This Monday we recovered a server from a potentially disastrous hard drive failure.
We always provision servers with at least 2 drives configured in RAID, as this ensures that all data is written to at least 2 separate physical disks and protects against data loss in the case of drive failure. This server was configured with RAID 1 (also known as ‘mirrored disks’), a system where all data is written to two hard drives instead of one. Both disks contain a complete, identical copy of all the data, hence the term “redundancy”. As a result, data can be read from either disk and if one disk fails, then the other disk can continue functioning with a complete copy of the data. Once the failed disk has been replaced the server copies all the existing data to it in the background, and once this process is complete, goes back to its normal process of writing all data to both disks, and reading from either.

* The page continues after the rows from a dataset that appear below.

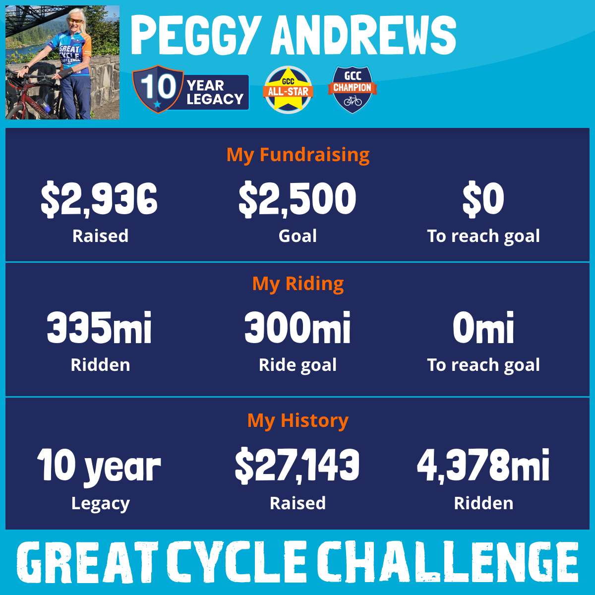 As a caretaker, I bike for mental health as well as to supporting this vital cause. Please help if you can, even if it is just being careful as you pass bikers. I'm planning on doing as much as my almost 80-year-old body will allow, I have committed to 200 miles, but my mind says do more, my body doesn't always agree with my mind.
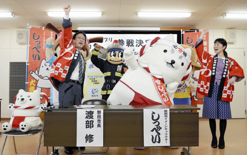 昨年のゆるキャラグランプリ(GP)で県勢で最高位の10位に入った磐田市のイメージキャラクター「しっぺい」が先月27日、磐田市役所で渡部修市長らと記者会見し、今年11月に浜松市内で開催されるゆるキャラGP2015に出馬を表明した。
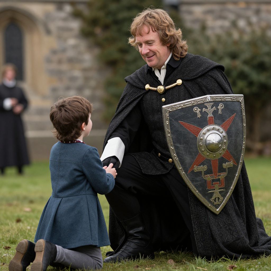 Photograph of a curly-haired man in medieval knight attire with black cloak and shield, kneeling on grass, smiling, holding hands with a young boy in
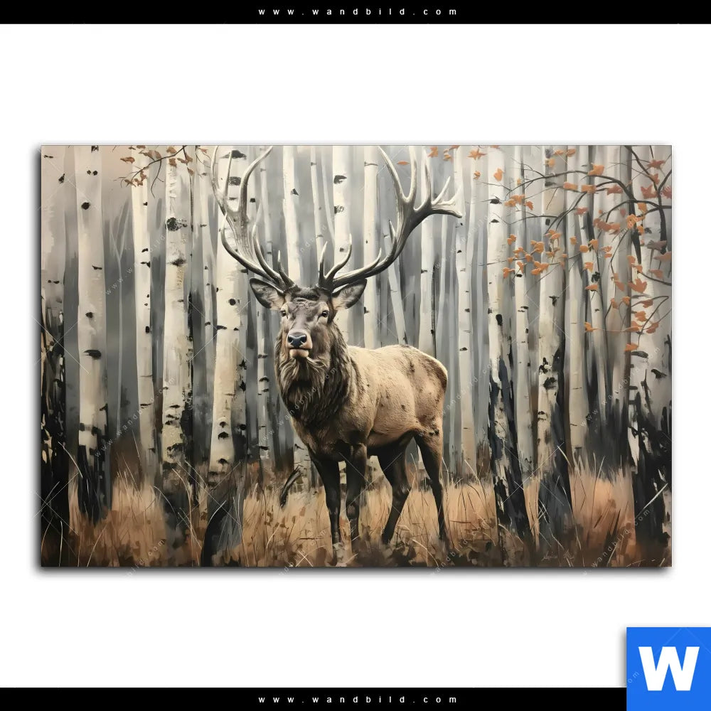 Acrylglasbild | Hirsch im Birkenwald | Querformat
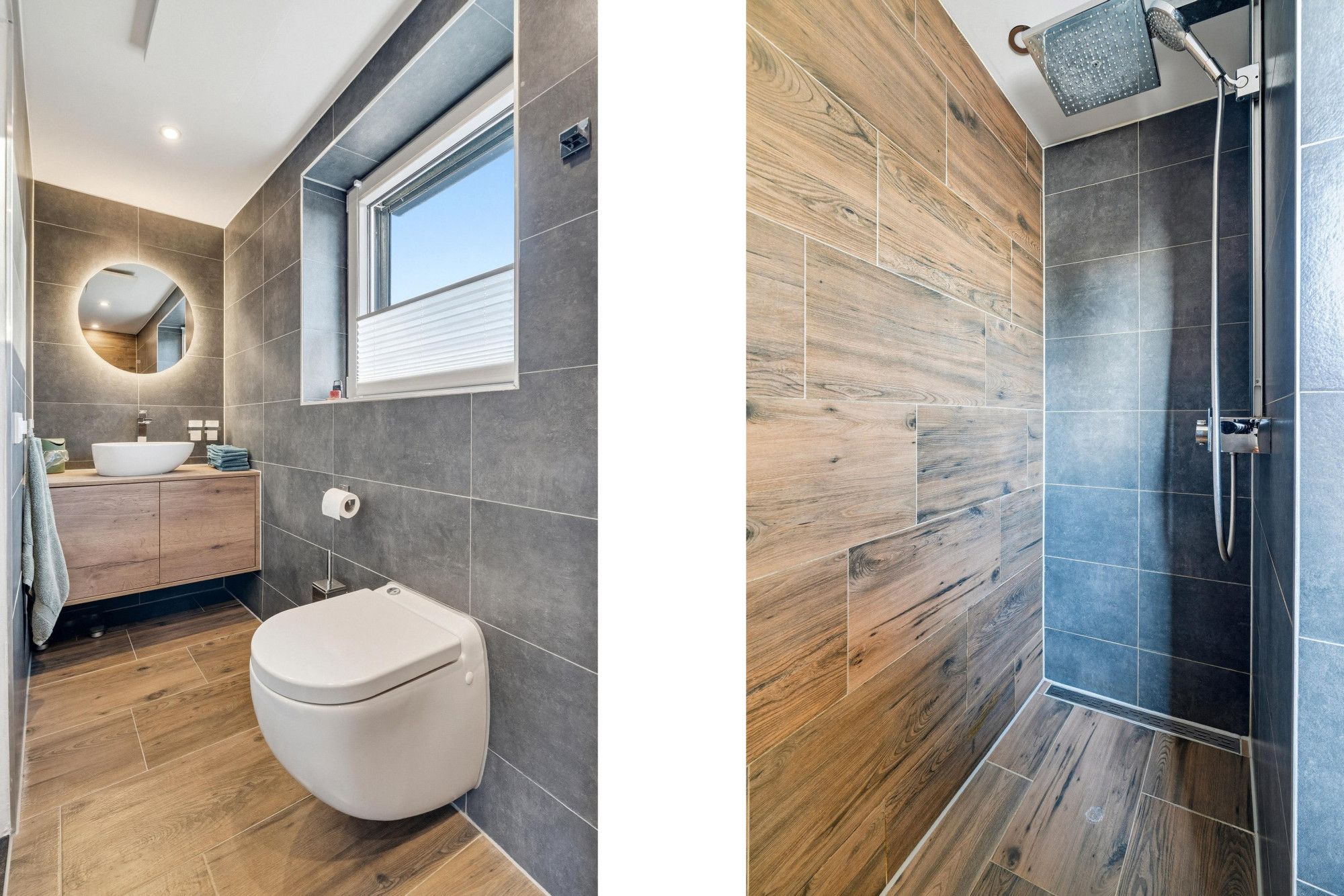 Volledig betegelde badkamer(3.74mx1.00m) met douche, vaste wastafel en 2e toilet.
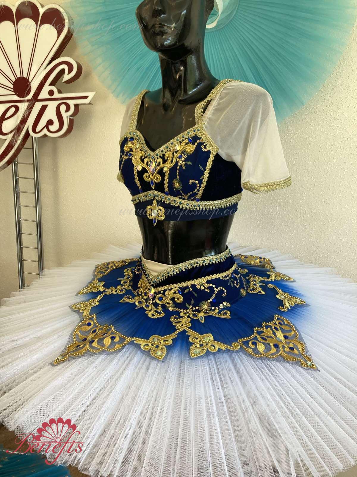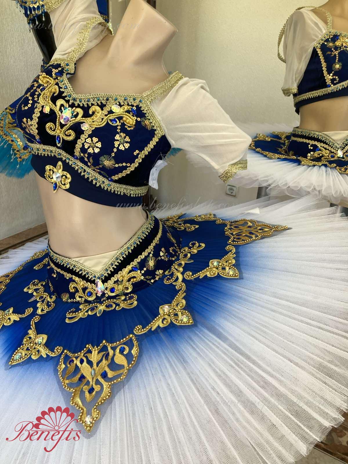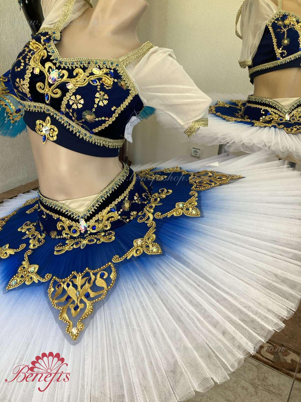 Details:costume. This professional ballet stage costume is made on the basis of a professional basic tutu # T 0001B (see the section "Basic and rehearsal ballet tutus"). The elastic bodice, with sleeves and sewn cups, is made of shiny biflex and ends under the breast. Yoke T0013. This model is made of two parts, which are attached to each other with elastic bands, in the waist area. The lower part is sewn to a tutu or skirt. The upper part is superimposed on the lower one, which allows you to adjust the length of the bodice depending on the height of the ballerina, and gives the bodice greater mobility. Eight pleated graduated layers of semi-soft tulle - seven long and one short on tulle panties with a 10 cm yoke attached to an elastic waistband. Two crinoline hoops are embedded in the middle layer with two additional short frills at the edges. The length of the top layer is 36-38 cm, each next layer is 4 cm shorter. The pack is fastened at the back with 6 large hooks and loops.

The above is a rough description of how the system is intended to work – it’s a very common method of protecting data on servers, and the process is well understood and documented. However practice doesn’t always match theory, and in the case in question, something slightly different actually happened.

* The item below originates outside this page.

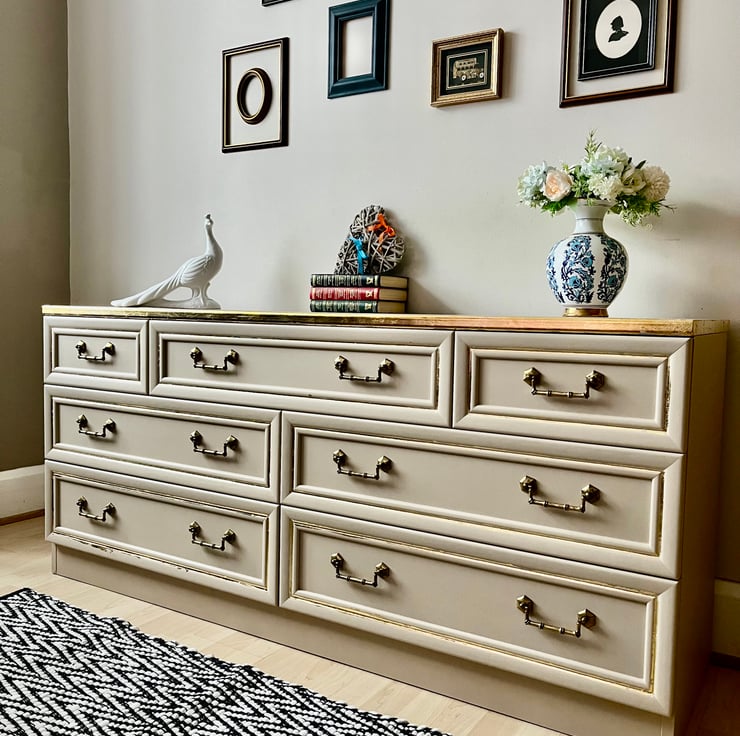 This G Plan vintage sideboard cabinet is a unique antique piece that will add character to any room. The beautifully designed sideboard features a beige colour, gold-finished handles, and brass handle material. With a height of 69cm, length of 46cm, and width of 150cm, this sideboard is spacious enough to store various items without compromising on style.
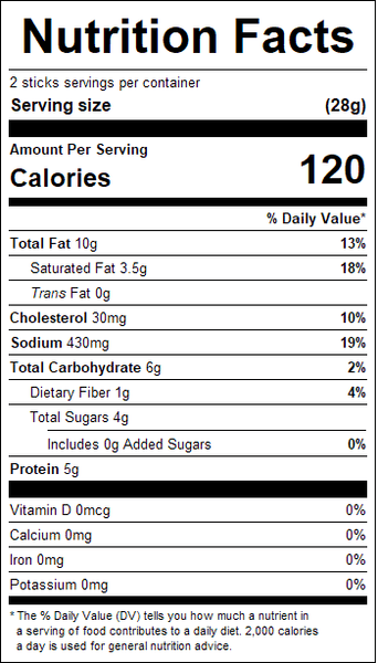 Sweet n' Spicy Snack Sticks are made with a mixture of chicken and beef and are seasoned with a delicious blend of brown sugar and spices for a sweet, spicy and smoky taste in every bite! Each case consists of 2/2.5 pounds.

The client informed us at around 8:30am that they couldn’t access one of their servers. We talked the client through rebooting the servers and checking for error messages on the console and found that the server was showing “Boot Failure”, and failing to load windows. At this point it was obvious that the issues were relatively serious, so we immediately attended onsite, arriving at the client’s site by 9:45am.

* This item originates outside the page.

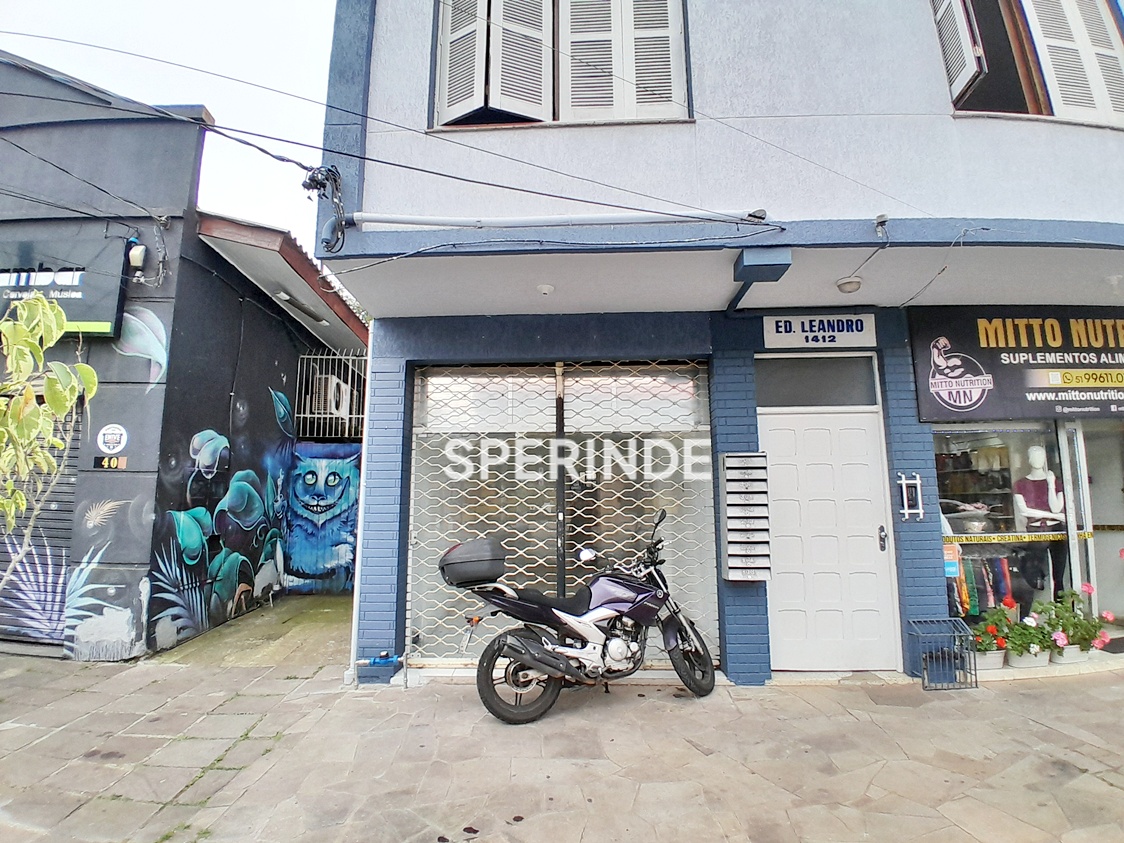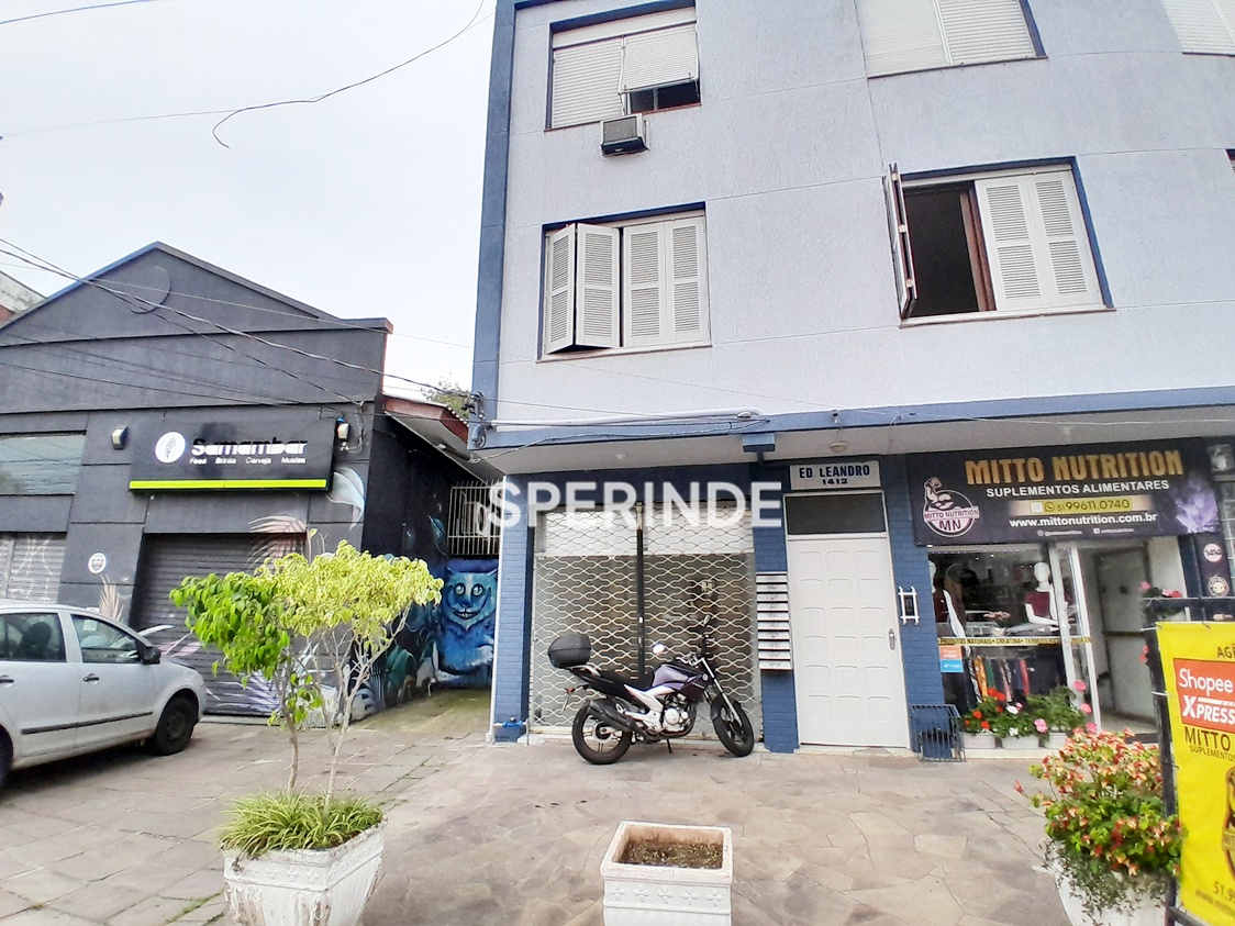 A fachada conta com porta de vidro e cortina de ferro vazada, proporcionando segurança e visibilidade para o espaço. A localização no bairro Passo D'Areia oferece acesso direto a serviços e fluxo constante de circulação.

Checking the server we discovered that the RAID controller was reporting that both of the disks making up the main RAID array been removed and reconnected at some point over the weekend. The office was closed all weekend and no-one had been in, so the obvious culprit was hardware problems. As the server was now reporting that both disks were “online”, and a physical examination showed that both disks were spinning up in the normal manner, we decided to boot the server, scan the disks for any errors that might have been caused by the hardware problems, using ChkDsk, and then boot the server normally.
Alarm bells started going off when CheckDisk appeared to be making far more corrections to the disk than we were expecting – we’d expect a few files to have been damaged when the failure occurred, but we were seeing hundreds of files being removed from the index on the disk as they were corrupt. At this point, we stopped the CheckDisk process, as it looked as though it could be causing more damage than it was repairing. We removed both disks from the server, and checked them on another computer.
What we found was that one of the disks had actually failed but still appeared to be operating correctly. As the server could not tell that the disk had failed, it was mixing the bad data from this disk with the good data from the other disk. While CheckDisk was trying to correct the corruption, it was actually unknowingly deleting data from the good disk! This is quite unusual – normally the RAID controller should have identified the failed drive and stopped using it, but in this case the failure was such that the drive wasn’t detected as failed.
Once we understood what was happening, we replaced the failed disk with a new blank disk from stock, marked the disk as replaced and allowed the server to duplicate the data from the ‘good’ disk (known as ‘rebuilding the array’). Once this was complete, it was possible to boot the server normally, and repair the damage that the CheckDisk process had caused by deleting files (which was a non-trivial process in itself, details may follow in a later blog post…).
The total time between the issue first being raised and the server being back online and users working as normal was around 5.5 hours, and all data protected by RAID within 12 hours.
There’s a couple of points of interest that come to light from this incident:
- Although these systems are designed to be very fault-tolerant, and can in theory be operated by non-technical staff, if they don’t work as expected it’s critical that the technicians carrying out the work can tell that the system isn’t behaving in the way expected. If we hadn’t stopped the ChkDsk process when we did, it would diligently have worked through the entire disk deleting all of the files which were “inconsistent”, which in this instance would have been all of them. So the recommended processes would have ‘bricked’ the server, requiring a server rebuild and full restore from backup.
- Multiple backups are essential. Simply relying on RAID to protect the data in this instance could have been catastrophic – although in this instance we didn’t need to restore data from backup it was a close call, and the job was much less stressful with the knowledge that if recovery wasn’t possible the way we were attempting, alternative options would have been available.